Nach Olympia-EklatModerner Fünfkampf: Wie sich eine Sportart selbst brutal zerlegt - Verschwörung gegen den Verband?

 210806 -- TOKYO, Aug. 6, 2021 -- Annika Schleu of Germany reacts in the riding portion of the women s individual of Modern pentathlon, moderner Fünfkampf at Tokyo 2020 Olympic Games, Olympische Spiele, Olympia, OS in Tokyo, Japan, Aug. 6, 2021.  TOKYO2020JAPAN-TOKYO-OLY-MODERN PENTATHLON DaixTianfang PUBLICATIONxNOTxINxCHN
Annika Schleu erlebt bei den Olympischen Spielen ein Drama im Modernen Fünfkampf.
www.imago-images.de, imago images/Xinhua, Dai Tianfang via www.imago-images.de

Kritik, Vorwürfe, Rücktrittsforderung: Nach dem beschlossenen Aus des Reitens ist im Modernen Fünfkampf ein ungewöhnlich heftiger Streit entstanden. Aktive und frühere Fünfkämpfer kritisieren die Führung der Union Internationale de Pentathlon Moderne (UIPM) wegen der Regeländerung und wollen einen neuen Vorstand. Doch der deutsche Präsident Klaus Schormann denkt nicht daran und will stattdessen seine 28 Jahre währende Amtszeit noch verlängern. Er sagte der Deutschen Presse-Agentur, es gebe Personen, die die Verbandsführung "beschädigen wollen".

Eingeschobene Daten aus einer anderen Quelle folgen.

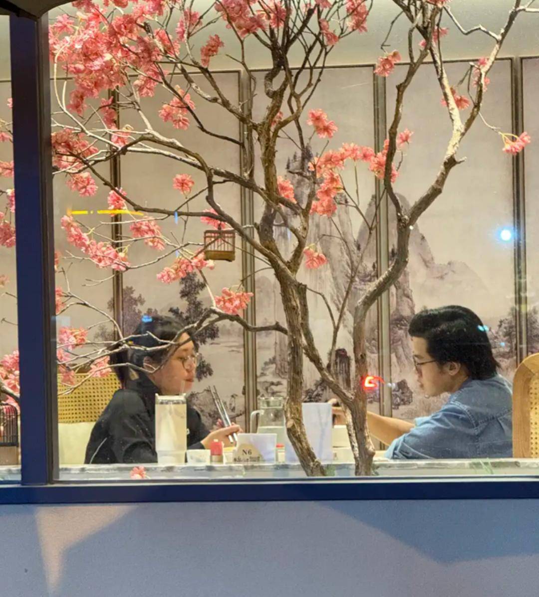 最甜的是两人相处的状态!没有腻歪歪的互动,就安安静静对坐吃饭,偶尔抬头交换个眼神,空气里都飘着"我们自成结界"的默契。要说颜值,娱乐圈帅哥美女扎堆,偏偏他俩组队就产生了神奇效应——就像网友神点评:"这两人同框,比三人群聊还容易认,根本是行走的人脸识别测试仪!"
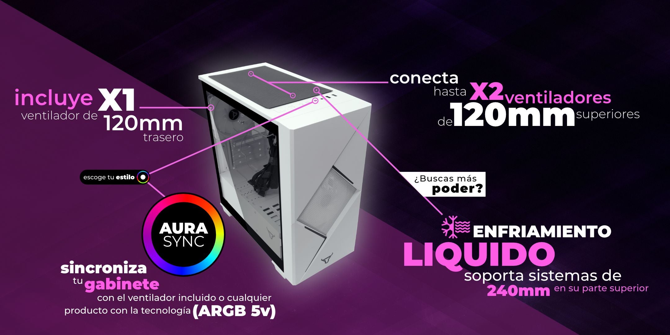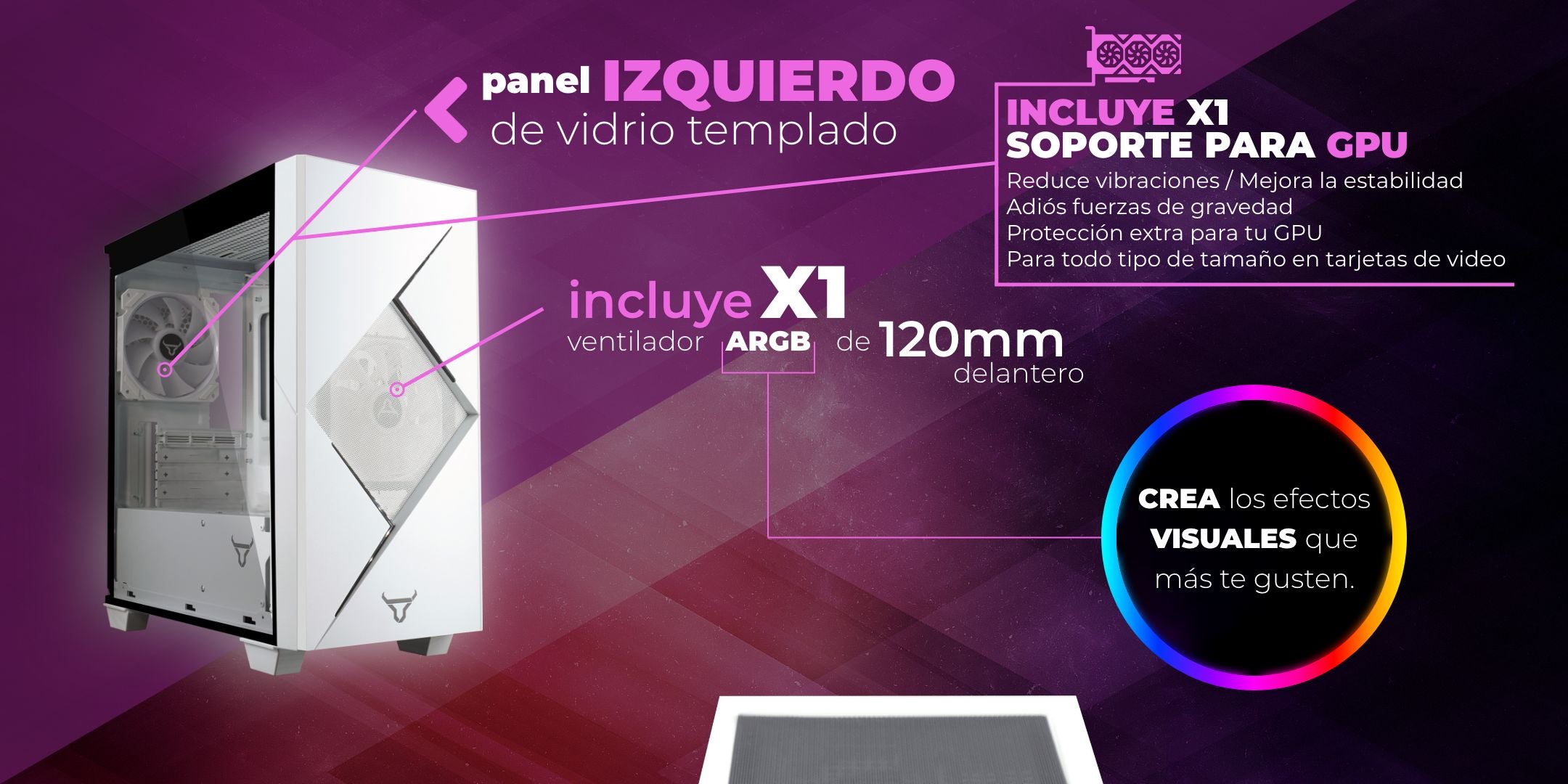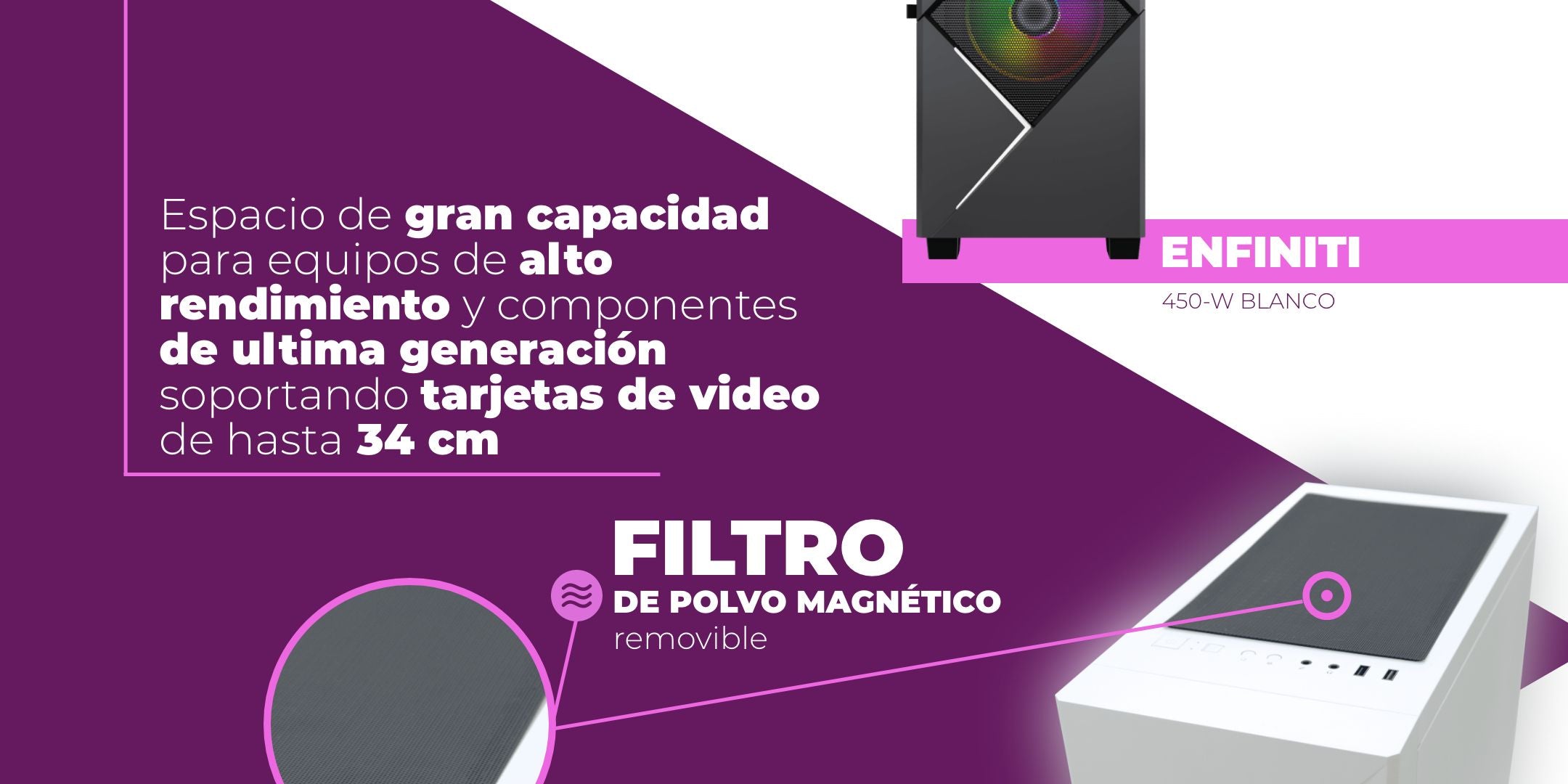 Con el Gabinete Micro ATX / ITX Tower ENFINITI, encontrarás un diseño minimalista con estructura unibody que envuelve sus paneles laterales de cristal templado de alto calibre. Sin dejar pasar de lado su panel frontal y superior fabricado de una robusta pieza de 0.60 - 0.80 mm de grosor, aumentando su estética y minimalismo por completo controlando la iluminación de tu equipo gracias al controlador ARGB integrado con botón de administración en panel frontal y compatibilidad con la sincronización de tu motherboard (ARGB 5V). El gabinete ENFINITI sabe que el TAMAÑO IMPORTA, Su gran tamaño lo hacen ideal para instalación de sistemas de enfriamiento liquido de alto desempeño soportando radiadores de hasta 240 mm. Aparte ahora cuenta con un fuente Batauro 450W 80 PLUS Bronze para poder sumistrar la energia necesaria a tus componnetes y asi tener un gabiente super completo para diferentes entornos.
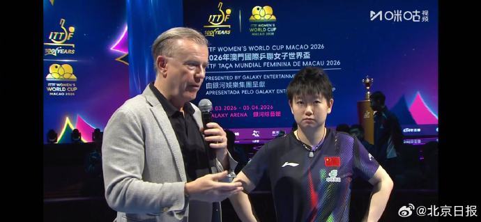 【孙颖莎说没有给对手喘息的机会】孙颖莎说半决赛状态更好一些 4月5日,2026澳门乒乓球世界杯女单半决赛,孙颖莎4比0战胜莎宾·温特,顺利晋级决赛。赛后采访中,孙颖莎说:半决赛的状态会更好一些,比赛中没有给对手很多喘息的机会,投入地打好每一分。(咪咕体育)
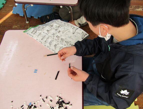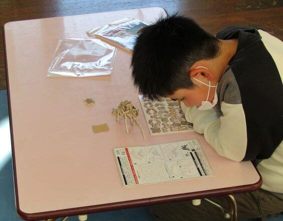 恐竜を作っている5年生、6年生はちっちゃな部品を組みあわせて作っています。※神経が出そうです。(^^)/
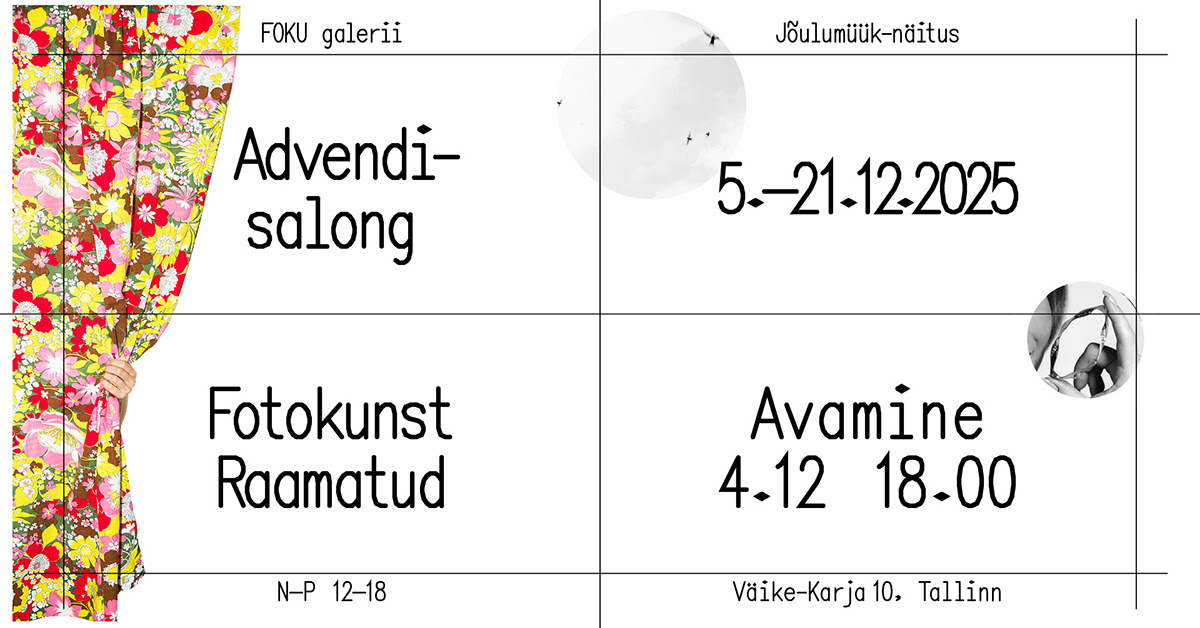 Neljapäeval, 4. detsembril kell 18 avab FOKU galerii Tallinna vanalinnas Advendisalongi, kus saab tutvuda kaasaegse Eesti fotokunstiga ning soetada kunstnike limiteeritud tiraažides printe, kunstnikuraamatuid ja erialast kirjandust.

Wir haben die Namen überprüft"

Nach Angaben des Branchendienstes "Inside the Games" haben mehr als 650 ehemalige und gegenwärtige Fünfkämpfer ein "Misstrauensvotum" an den Vorstand geschickt. Sie seien "schockiert über die Entscheidung des UIPM-Vorstands, die Disziplin Reiten abzuschaffen", zitiert der Branchendienst aus dem Brief. "Ohne seine Athleten und Mitgliedsverbände zu konsultieren, hat der Vorstand 109 Jahre Modernen Fünfkampf untergraben."

Die Forderungen sind eindeutig. "Die Handlungen des derzeitigen Präsidenten und des Vorstands zeigen, dass wir einen neuen Vorstand brauchen, der in der Lage ist, die langfristigen Interessen des Sports zu planen, sich für seine Athleten einzusetzen und seinen Platz bei den Olympischen Spielen zu schützen."

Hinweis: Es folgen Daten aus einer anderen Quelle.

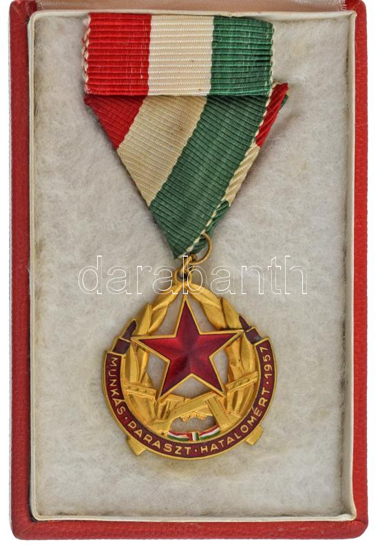 1957. "Munkás-Paraszt Hatalomért Emlékérem" aranyozott, zománcozott bronz kitüntetés mellszalagon, szalagsávval, eredeti tokban T:AU
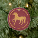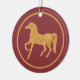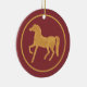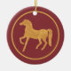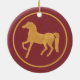 A stylish ornament with a gold-coloured horse on a deep red background. The horse motif was painted by hand by Judy Adamson.
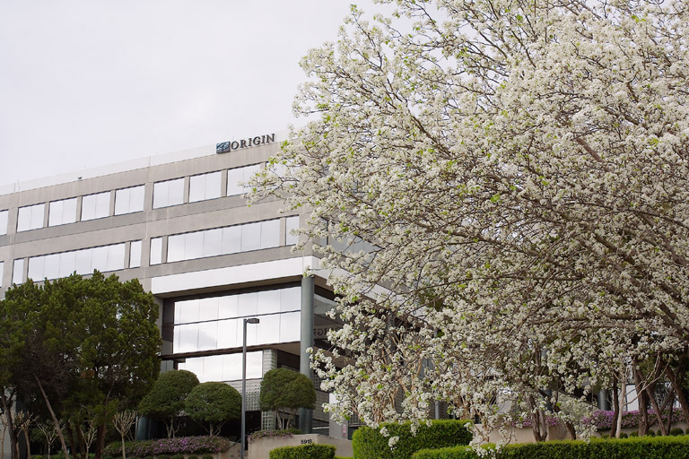 Today's Action Photo is a picture of the Origin building peeking out from behind one of the nicely landscaped white trees along Courtyard Drive in Austin, Texas!

Schormann bestätigte die Rücktrittsforderung, wies sie aber zurück. "Wir haben die Namen überprüft", sagte Schormann. Zweidrittel seien "keine Athleten", und ein anderer Teil seien "Athleten, die seit mehr als zehn Jahren keinen Modernen Fünfkampf betreiben. Nur eine sehr kleine Gruppe hat eine UIPM-Lizenz" und nehme an Wettkämpfen teil, sagte der Präsident. Ungefähr 95 Prozent der Namen "sind nicht bei der UIPM registriert und, wie wir von unseren Mitgliedsnationen erfuhren, auch nicht bei ihnen."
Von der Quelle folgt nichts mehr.